China’s efforts to reduce its reliance on foreign technology are taking a significant turn as it sets its sights on excluding American chip manufacturers from its telecommunications infrastructure. The move, directed by Chinese officials earlier this year, entails phasing out foreign processors crucial to the country’s largest telecom carriers by 2027, posing a potential blow to American chip giants Intel and Advanced Micro Devices (AMD).
The directive, issued by China’s Ministry of Industry and Information Technology, aims to expedite Beijing’s efforts to eliminate the use of foreign core chips in the country’s telecom networks. State-owned mobile operators have been instructed to scrutinize their networks for non-Chinese semiconductors and develop timelines for their replacement. This push underscores China’s commitment to bolstering its domestic semiconductor industry and reducing dependence on foreign technology.
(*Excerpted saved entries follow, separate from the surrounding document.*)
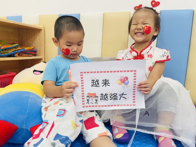 1. 能在教师的语言示范下,学说“国旗国旗我爱你"句型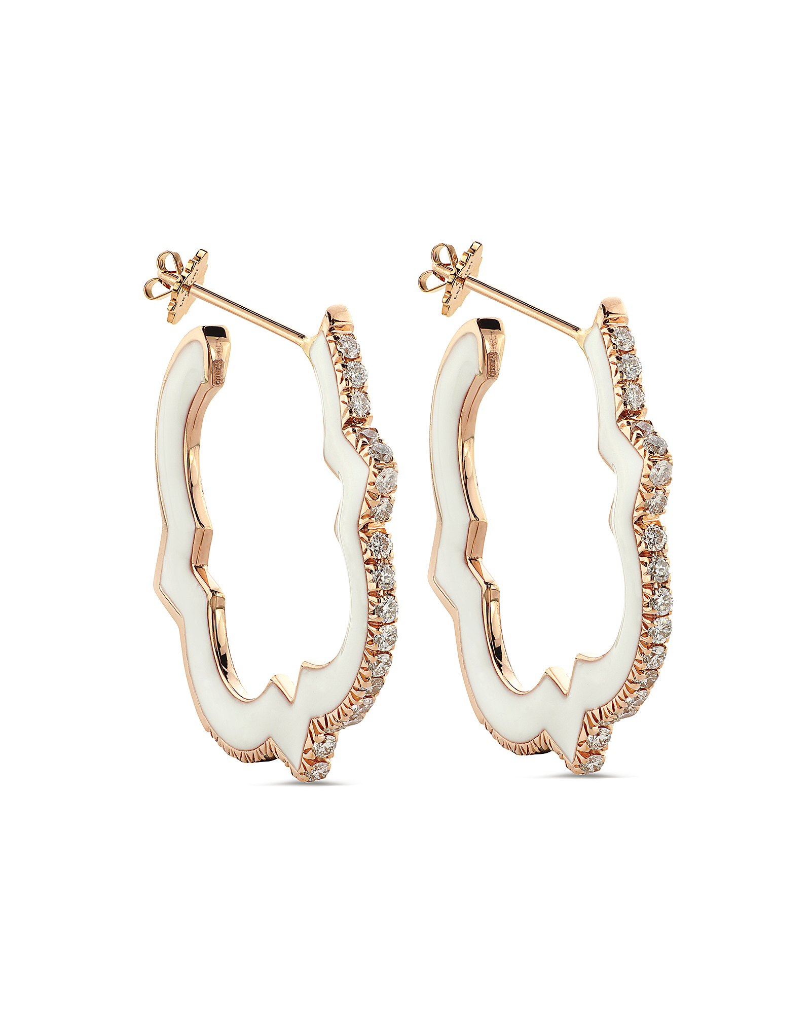 ORECCHINI ANIME, ORO ROSA, SMALTATURA BIANCA E DIAMANTI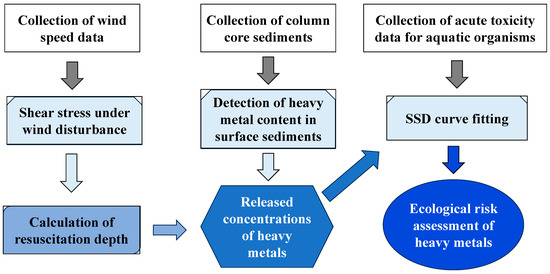 The representative trace metal content of the sediment surface can be obtained by arranging 32 core sediment sampling sites in Lake Chaohu. The ecotoxicological risk of trace metals in sediments to aquatic organisms can be assessed by studying different sediment re-suspension depths to analyze the concentration of trace metals released into water bodies and combined with the most reasonable SSD curve selected. The specific research paths and methods are shown in Figure 2.
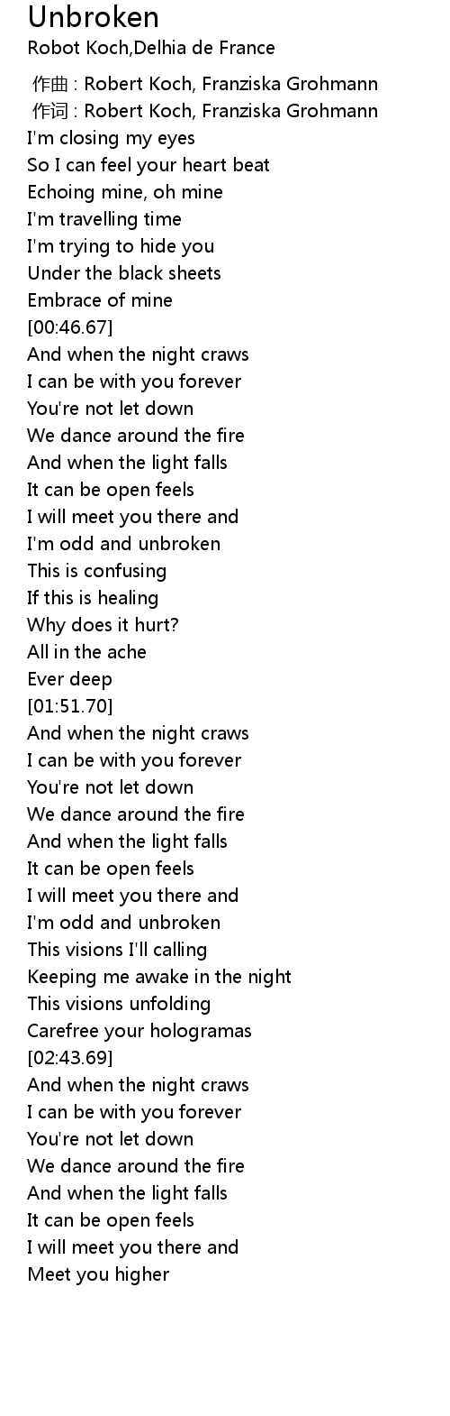 | [02:23.20] | I' m odd and unbroken |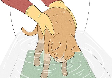 Desensitize your cat to water. If your cat isn’t used to being wet, don’t jump right into giving it a bath. Instead, slowly allow them to get comfortable with water over the course of days or weeks. Try dribbling water over their body or using a damp cloth on their legs. If your cat seems uncomfortable, stop and try again later so you don’t stress them out. If your cat has never been in the bathroom before, get them used to the area by allowing them to explore. Try letting the water run in the tub or sink so they get used to the sound.
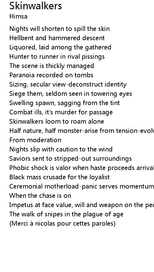 | Song | Skinwalkers |

The transition to domestic alternatives is gaining momentum, thanks to improvements in the quality and performance of Chinese chips. This shift is expected to impact Intel and AMD the most, as these companies have been major suppliers of core processors for networking equipment in China and globally.
Beijing’s desire to wean China off American chips is the latest reaction in the U.S.-China technology war that is splintering the global landscape for network equipment, semiconductors and the internet. American lawmakers have banned Chinese telecom equipment over national-security concerns and have restricted U.S. chip companies including AMD and Nvidia from selling their high-end artificial-intelligence chips to China. China’s electric vehicle production may also be impacted as President Joe Biden, the President of the United States has been urged by the Chairperson of the Senate Banking Committee, Senator Sherrod Brown to ban EVs from China, “Chinese electric vehicles are an existential threat to the American auto industry,” he stated.
Shares of Intel and AMD experienced declines following the news, reflecting investor concerns over the potential repercussions of China’s move on these companies’ revenue and market share.
China’s localization efforts extend beyond telecommunications, with the country seeking to source products locally to address national-security concerns. This trend has been observed in various industries, including software and hardware procurement, where Chinese entities are encouraged to prioritize domestic alternatives over foreign products.
Intel and AMD’s China operations face heightened geopolitical risks, with both companies acknowledging the challenges posed by U.S.-China tensions and China’s localization push in their respective annual reports. The dependence on export control authorization and restrictions on high-end AI chip sales to China further complicate the outlook for these companies.
While Chinese chips may not always match the quality of their foreign counterparts, they have gained traction among Chinese telecom customers. Recent procurement data from China Telecom illustrates this trend, with Intel CPUs gradually losing ground to Huawei’s Kunpeng processors in server purchases.
Despite these challenges, China’s demand for wireless communications equipment remains robust, positioning the country as a key market for semiconductor firms. Local CPU substitutes, including offerings from Huawei Technologies’ HiSilicon and Hygon Information Technology, have made significant advancements, further fueling China’s drive towards technological self-sufficiency.